UTF-8 with Byte Order Mark ?

From text-editors you often can save UTF-8 with or without Byte Order Mark (BOM). Please refer to google if you want to know what a Byte Order Mark is. When using UTF-8, write your texts without it. ("Save as UTF-8, No BOM").
If you work with PHP the Byte Order Mark can cause problems when PHP is used to send headers in the beginning of the document. PHP does not allow a webpage to send anything before headers are sent.

For example, a command like this:
<?php
header("Content-Type:text/html;charset=utf-8");
?>
causes a PHP parse error if there are BOM-bytes sent before.

Does server send an encoding? Check the http-header

There are websites that can help you see the http-header that is sent by your webpage. One of them is:

www.rexswain.com/httpview.html (opens in new tab or window)

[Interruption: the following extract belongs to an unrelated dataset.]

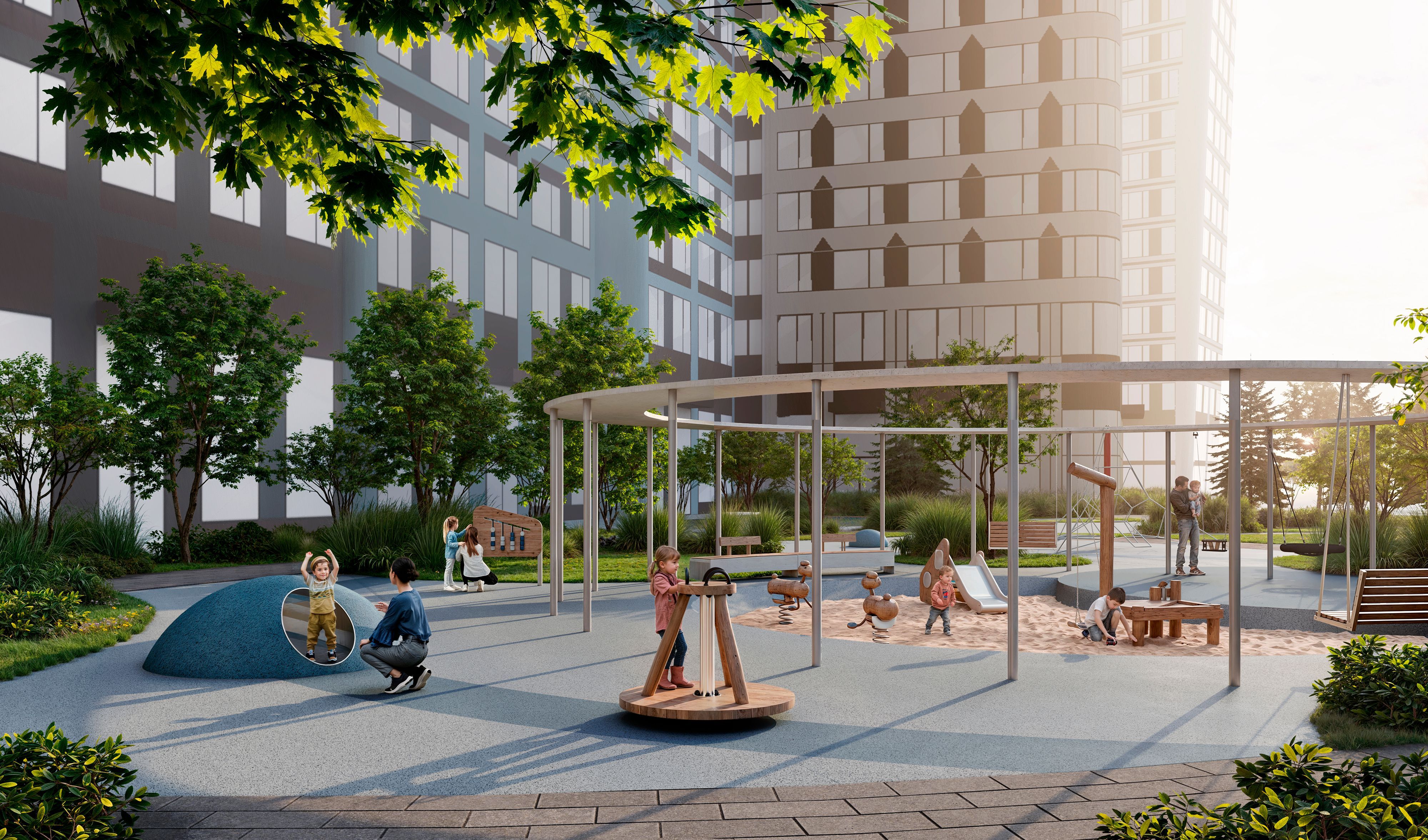 Внутренние дворы закрыты от машин и посторонних. Просторные зелёные пространства, детские площадки, воркауты, прогулочные дорожки и тихие уголки для отдыха формируют безопасную и приватную среду для детей и взрослых. Территория круглосуточно охраняется и продумана до мелочей.

There are also browser extentions that will show you the http-header.

In the http-header the Content-Type of the document is defined (among other things). If this is (for a normal webpage)
Content-Type:·text/html
then it's ok. In that case you are always able to determine the charset of your document, for example by the meta tag:
<meta http-equiv="content-type" content="text/html;charset=utf-8">
or in html5:
<meta charset="utf-8">

Sometimes however the Content-Type sent by the http-header is this one:
Content-Type:·text/html;·charset=iso-8859-1
In this case Apache (we presume Apache on the webserver) is too patronizing. Because Apache (by a setting in the httpd.conf, a file on the server with Apache settings) defines the charset in the http-header with this extended Content-Type definition, you cannot override the charset with the meta-tag described above.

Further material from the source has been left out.